Tea Party Candidate Christine O'Donnell Sued Conservative Group for Gender Bias
But since that time, things have gotten a bit rocky. Castle, a moderate who previously tried to ignore O'Donnell, has ratcheted up his attacks on her personal finances, launching a "RealChristine.com" website. (The Tea Party Express was apparently not aware of her financial problems when it endorsed her.)
The campaign then took an even more bizarre turn, when a firm recently employed by O'Donnell accused Castle of having a gay affair.
This accusation reminded me that O'Donnell had previously made her own accusation, accusing The Intercollegiate Studies Institute (ISI), a conservative organization, of "gender discrimination."

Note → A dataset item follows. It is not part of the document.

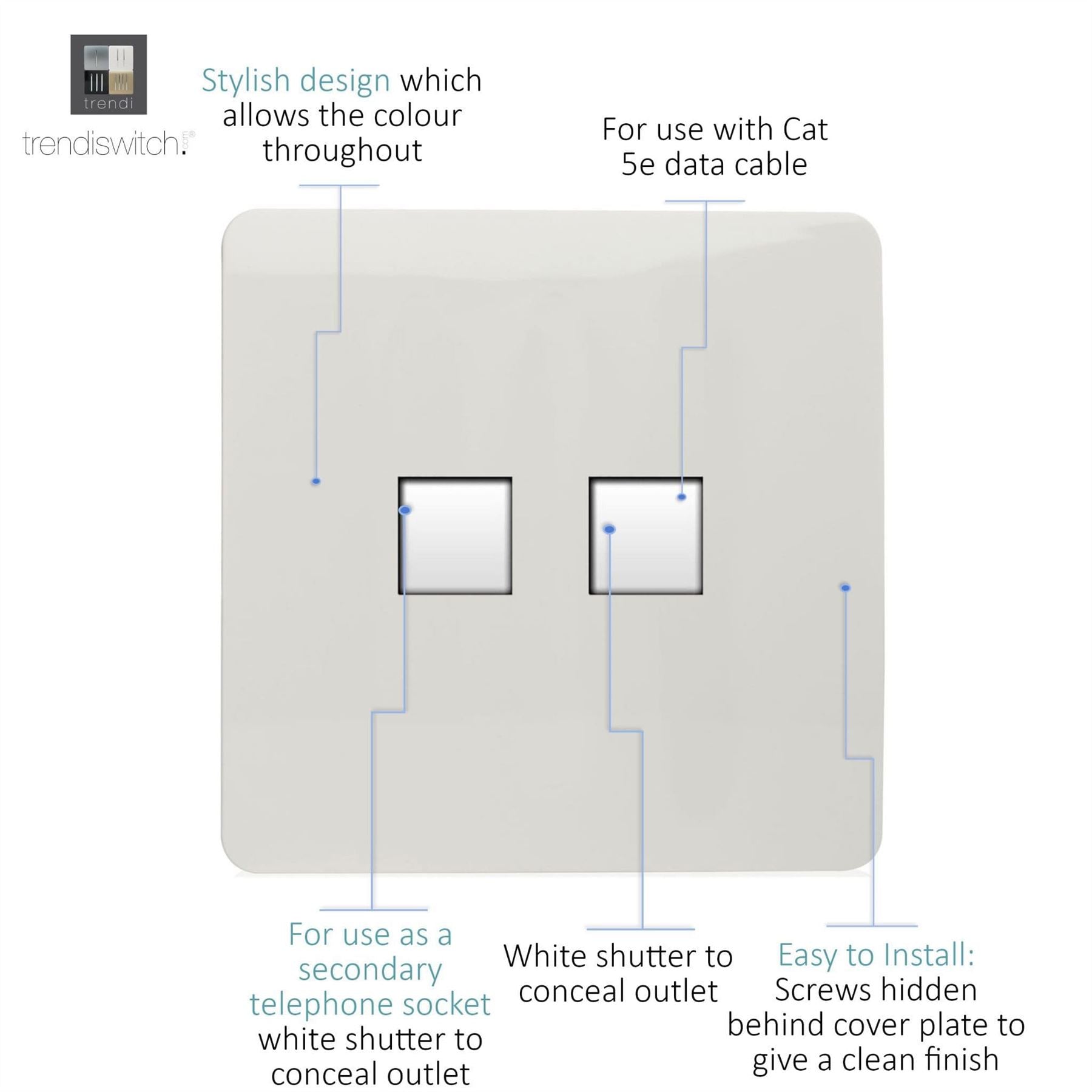 Trendi Telephone Socket + Cat 5e & Cat 6 RJ45 PC Socket White ART-TLP+PCWH

As Ginger Gibson of the Wilmington News Observer reported back in March:
O'Donnell was fired by ISI on Feb. 26, 2004, after she complained to the U.S. Equal Employment Opportunity Commission that she was the victim of gender discrimination, according to court filings. O'Donnell sued ISI in U.S. District Court in 2005, alleging she was fired in retaliation for complaining to the EEOC. In her suit, O'Donnell sought back pay, future pay and punitive damages.
ISI countered that O'Donnell was running a for-profit public-relations business while on the clock.
In January 2008, O'Donnell dropped the lawsuit against ISI, saying at the time she could no longer afford an attorney.
Established in 1953, ISI was founded to encourage the "values and institutions that sustain a free and virtuous society." William F. Buckley was the group's first president.
O'Donnell's history with ISI has not become a major story in the way that her personal finances have. But one wonders how many conservative voters would be surprised to learn the Tea Party candidate in Delaware sued a conservative group for gender discrimination.